Language Model using Char RNN

Suresh Pasumarthi
7 min readMar 1, 2019

The language model is a very important application in NLP, where sequence RNN based models(LSTM) are used. The Language models are used for Text Generation by learning on a large corpus of text data.

The famous Andrew Karpathy char RNN, where he trained LM on the entire code of language model on Unix was able to learn to code from this kind of training process. It was able to generate code on its own. Even though the generated code made little sense, it managed to learn a lot of syntactical patterns to reproduce.

In this article, we will explain how a Language model is trained using LSTM along with the prepossessing steps that are required for cleaning and making the data ready to train the model

The dataset we use is “Alice in Wonderland” book. The entire text from this book is taken as the corpus to train our model. Like Karpathy char RNN which is trained on Unix code, to generate more in the style of Unix code. Our model after training will start generating text with the style it has seen in the book corpus. Like Karpathy char RNN, our model is also based on character level encodings.

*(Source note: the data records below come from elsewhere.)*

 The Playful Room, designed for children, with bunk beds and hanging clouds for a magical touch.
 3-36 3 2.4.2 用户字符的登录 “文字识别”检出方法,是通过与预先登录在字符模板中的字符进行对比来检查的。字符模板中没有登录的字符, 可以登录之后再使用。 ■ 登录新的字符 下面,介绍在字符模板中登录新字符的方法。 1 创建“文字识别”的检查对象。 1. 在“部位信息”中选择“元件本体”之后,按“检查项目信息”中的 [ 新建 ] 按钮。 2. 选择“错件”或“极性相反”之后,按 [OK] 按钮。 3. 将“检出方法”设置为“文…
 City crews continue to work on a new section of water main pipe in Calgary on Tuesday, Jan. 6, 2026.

Theoretical understanding of LM:

Text generation or Language Model uses a sequence model like LSTM layer. A sentence is a time series sequential structure with the basic unit of a character or a word repeating/recurring. What we generate over time should have syntactic and semantic meaning, and style similar to the corpus it is trained.

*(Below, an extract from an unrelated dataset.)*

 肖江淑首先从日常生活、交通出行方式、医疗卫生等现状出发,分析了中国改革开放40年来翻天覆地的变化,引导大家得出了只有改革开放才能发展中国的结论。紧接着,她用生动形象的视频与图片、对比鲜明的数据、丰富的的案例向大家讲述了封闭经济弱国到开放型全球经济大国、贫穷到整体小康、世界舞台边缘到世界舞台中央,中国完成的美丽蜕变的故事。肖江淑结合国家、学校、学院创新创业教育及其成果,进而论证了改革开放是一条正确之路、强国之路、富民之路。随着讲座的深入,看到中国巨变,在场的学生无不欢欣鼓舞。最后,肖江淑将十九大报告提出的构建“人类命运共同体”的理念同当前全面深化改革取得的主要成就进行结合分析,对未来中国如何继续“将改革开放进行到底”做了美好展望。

Our article is based on character level unit recurrences. We divide the corpus at the character level, pass one group of characters at a time.

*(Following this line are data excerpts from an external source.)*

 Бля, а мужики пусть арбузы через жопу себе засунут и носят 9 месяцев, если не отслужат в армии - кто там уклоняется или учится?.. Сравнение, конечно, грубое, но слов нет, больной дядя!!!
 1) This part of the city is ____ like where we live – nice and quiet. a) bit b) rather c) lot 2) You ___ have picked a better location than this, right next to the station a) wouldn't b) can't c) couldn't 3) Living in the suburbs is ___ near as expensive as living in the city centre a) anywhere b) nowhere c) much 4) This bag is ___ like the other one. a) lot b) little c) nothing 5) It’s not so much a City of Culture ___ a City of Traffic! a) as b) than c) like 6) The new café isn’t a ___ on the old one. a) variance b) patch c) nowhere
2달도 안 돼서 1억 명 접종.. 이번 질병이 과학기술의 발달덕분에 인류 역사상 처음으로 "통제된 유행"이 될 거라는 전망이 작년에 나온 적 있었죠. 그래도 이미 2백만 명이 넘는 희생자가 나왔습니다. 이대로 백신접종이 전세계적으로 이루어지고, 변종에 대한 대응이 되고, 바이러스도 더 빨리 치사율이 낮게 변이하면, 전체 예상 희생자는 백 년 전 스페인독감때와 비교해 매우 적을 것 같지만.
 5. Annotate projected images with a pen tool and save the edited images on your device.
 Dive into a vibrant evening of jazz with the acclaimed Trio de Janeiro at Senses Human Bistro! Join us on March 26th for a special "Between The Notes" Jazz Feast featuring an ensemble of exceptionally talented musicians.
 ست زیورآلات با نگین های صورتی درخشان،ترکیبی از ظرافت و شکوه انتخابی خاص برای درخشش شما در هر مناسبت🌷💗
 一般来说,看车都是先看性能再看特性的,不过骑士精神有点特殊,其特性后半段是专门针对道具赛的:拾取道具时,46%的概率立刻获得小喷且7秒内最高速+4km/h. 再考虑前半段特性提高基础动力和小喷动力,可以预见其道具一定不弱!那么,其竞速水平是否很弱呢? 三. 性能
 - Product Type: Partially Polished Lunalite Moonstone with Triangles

Each training pattern of the network is comprised of 100-time steps of one character (X) followed by one character output (y). When creating these sequences, we slide this window along the whole book one character at a time, allowing each character a chance to be learned from the 100 characters that preceded it (except the first 100 characters of course). The first group of 100 characters is sent to the LSTM model to predict the next character(101st) In the next step this 100 character input window will move one character step and now we pass characters from 2nd to 101st to predict the next character(102nd) and so on.

Training:

During training, we have the entire text corpus available. From this, we pick first 100 characters as input and 101st character as output. This will be our first data sample. Next, move this window by a character and pass next 100 characters from 2nd character to 101st character. Note that 99 characters from the first window and second window will overlap. In general, any window and it’s immediately previous and subsequent windows will overlap by 99 characters. The character predicted during the first sample will be included as part of the 100 character window for the next sample. In this way we end up covering entire text corpus of “Alice in Wonderland” book, like Karpathy would have covered his entire Unix source code.

Inference:

Once the training part is done, our LSTM model has learned the language, style and all possible subtleties of the book. Now it is ready to generate text in the style of what it has learned.

During inference, we follow steps very similar to training. But with a minor difference during initial stages. The 100 character window for which we need 100 character text is not available during Inference. For this, we can take a “seed” of 100 characters from the data, to get started. Using this seed we will generate a 101st character. Move the window as we did during training, by leaving out the first character and including newly generated character to be part of its new window to generate the 102nd character. In this manner, we continue to generate as many characters, words, lines, paragraphs, pages or books of text we want.

One major difference between training and inference is that, during training the target word during current time step is included in the 100 character window for next time step, but during inference, instead of target character(which we do not have) we include predicted character form the current time step in the 100 character window of next time step.

Part-1: Pre-processing

Load the entire text corpus into an object variable of string type “raw_text” and convert it into lower case text. By typecasting this raw_text into with a set() data structure we are removing all the duplicate characters. Now we are left with unique characters from the text corpus. This set is converted to list and sorted for convenience.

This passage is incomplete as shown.